The 'n--word is powerful. But so is the 'f'-word: fission.

Earlier this week, when the Fukushima spent rod pool was running dry the BBC "science" editor* quoted nuclear experts saying that without the moderating effects of the water there would be a fission chain reaction, and then he said, darkly, that this could spread nuclear materials many miles away from the power station site. I could not quite understand how the fission reaction would do this, after all, it happens all the time in the reactor core and not over the locality. Then I realised that the journalist was associating the fission chain reaction with nuclear bombs. He thought that a fission chain reaction in the spent rod pool was the same as the explosion that happens in a nuclear bomb. The 'f'-word has that effect on people.

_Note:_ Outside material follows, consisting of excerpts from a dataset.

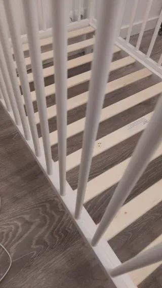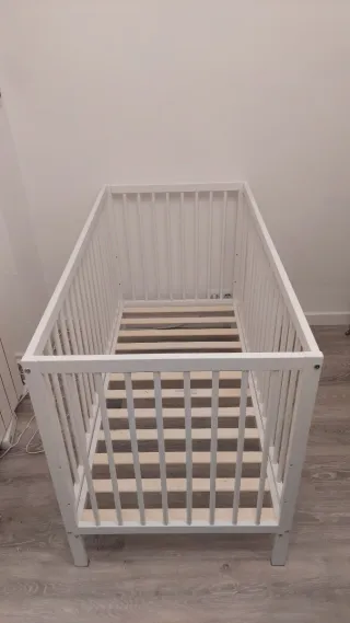 Cuna de bebé de color blanco, con somier de lamas de madera. Esta sin marcas de uso. - Medidas: 120x60 cm. - Estructura de madera. - Barreras de seguridad.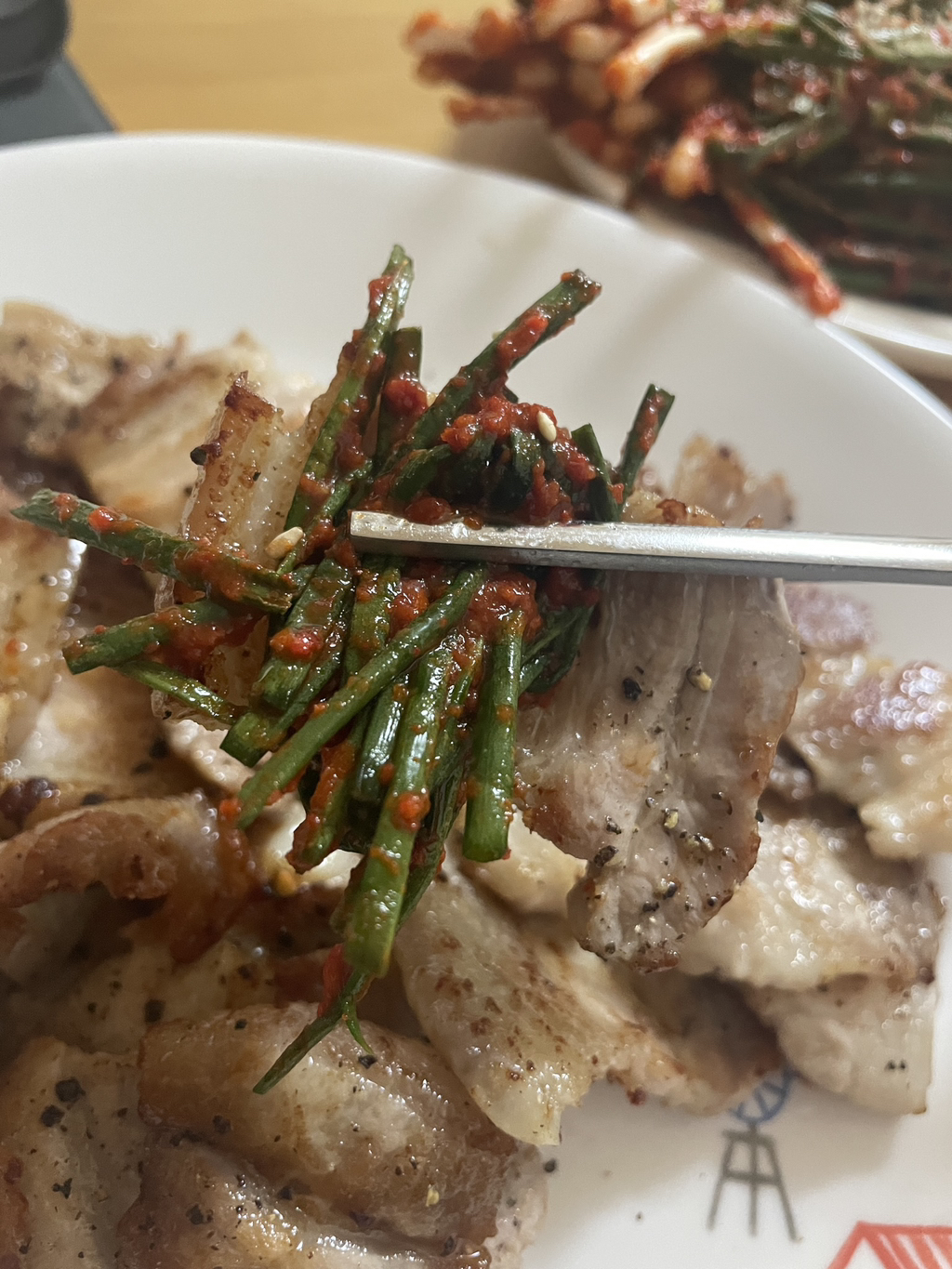 개인적으로 파가 아직 싱싱하고 완전히 절여지지 않아서 매운맛이 강할때 초록부분 먹는걸 좋아해!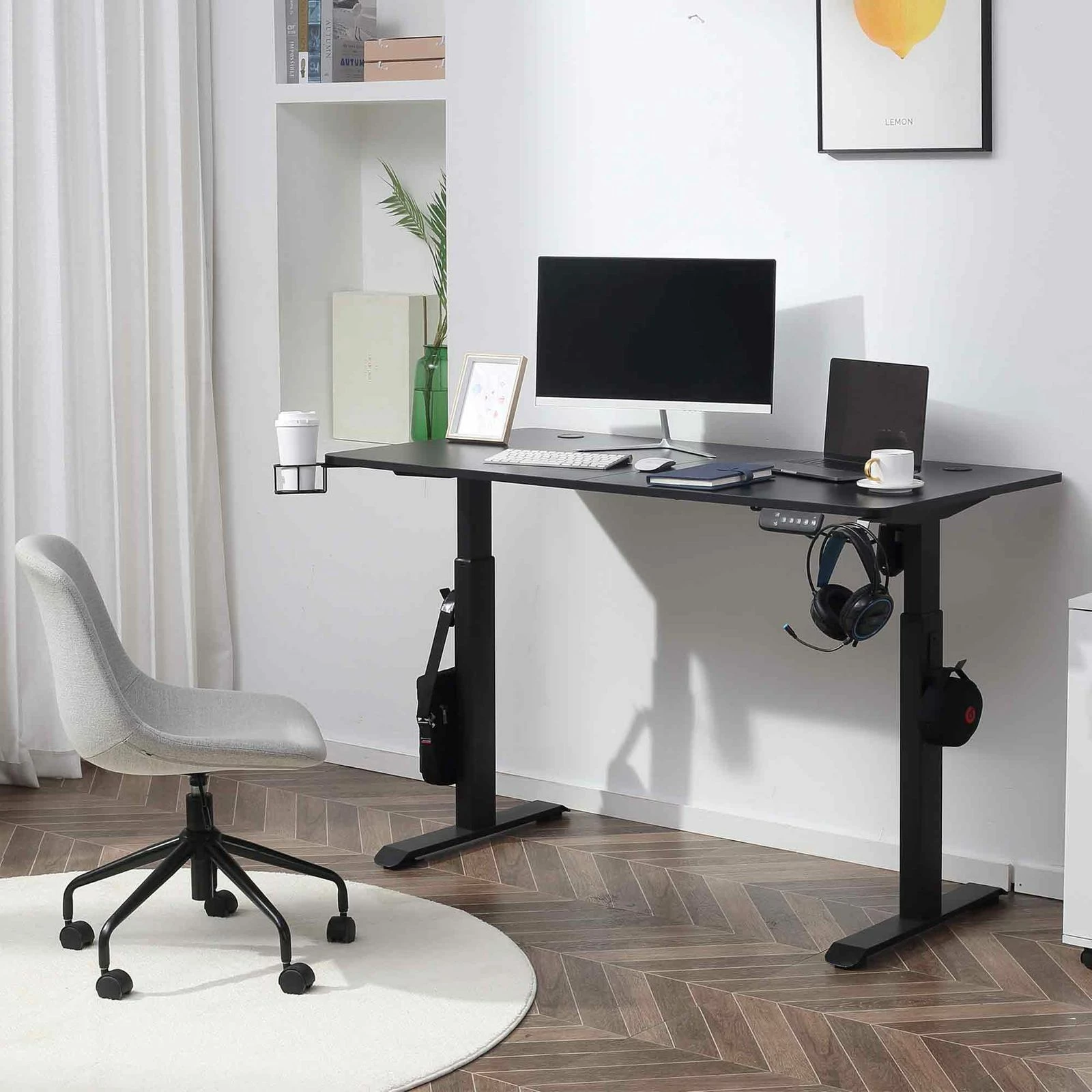 Der funktionale, auf eine lange Lebensdauer ausgelegte Computertisch zeichnet sich durch robuste Stahlfüße in den Farbtönen Weiß und Schwarz aus. Extra dicker Stahl sorgt für eine hohe Standfestigkeit und Stabilität. Selbst in maximaler Arbeitshöhe wackelt der Schreibtisch nicht und Sie können in Ruhe arbeiten. Extras – wie ein verstellbarer Kopfhörerhalter und ein verstellbarer Getränkehalter – machen den Tisch zu einer komfortablen Arbeitsumgebung, die Sie Ihren individuellen Bedürfnissen anpassen können. Die Höhenverstellung des Tischgestells erfolgt elektrisch über ein intuitiv bedienbares, übersichtliches Control Panel. Die Höhe des Tisches ist in einer Spanne von 75 – 115 cm einstellbar.

[* that's an odd-job name if ever there is one: can he really be skilled in all aspects of every kind of science?]

Well, here's a clue for budding BBC science journalists: if it was that easy to create a nuclear bomb Iran would have had one years ago.

The 'f'-word and the 'n'-word are special, they make people invent new science.

Remember that the Fukushima reactors survived an M8.9 earthquake and a 5m tsunami. The cores remained contained even after these. The design also succeeded in that the control rods were placed between the reactor rods which stopped the fission reaction. "All" that had to be done now was to cool the core down from its operating temperature. The cooling system is normally powered by electricity generated by the power station, which had been shut down. The problem is that the tsunami also destroyed the backup diesel generators, so the operators flew in replacement generators . However, they found that they could not connect the generators to the pumps: they lacked a suitable connector.

So reflect on this: the failure at Fukushima is not in the reactor, it is not nuclear; the problem is electrical: they needed an electrical connector.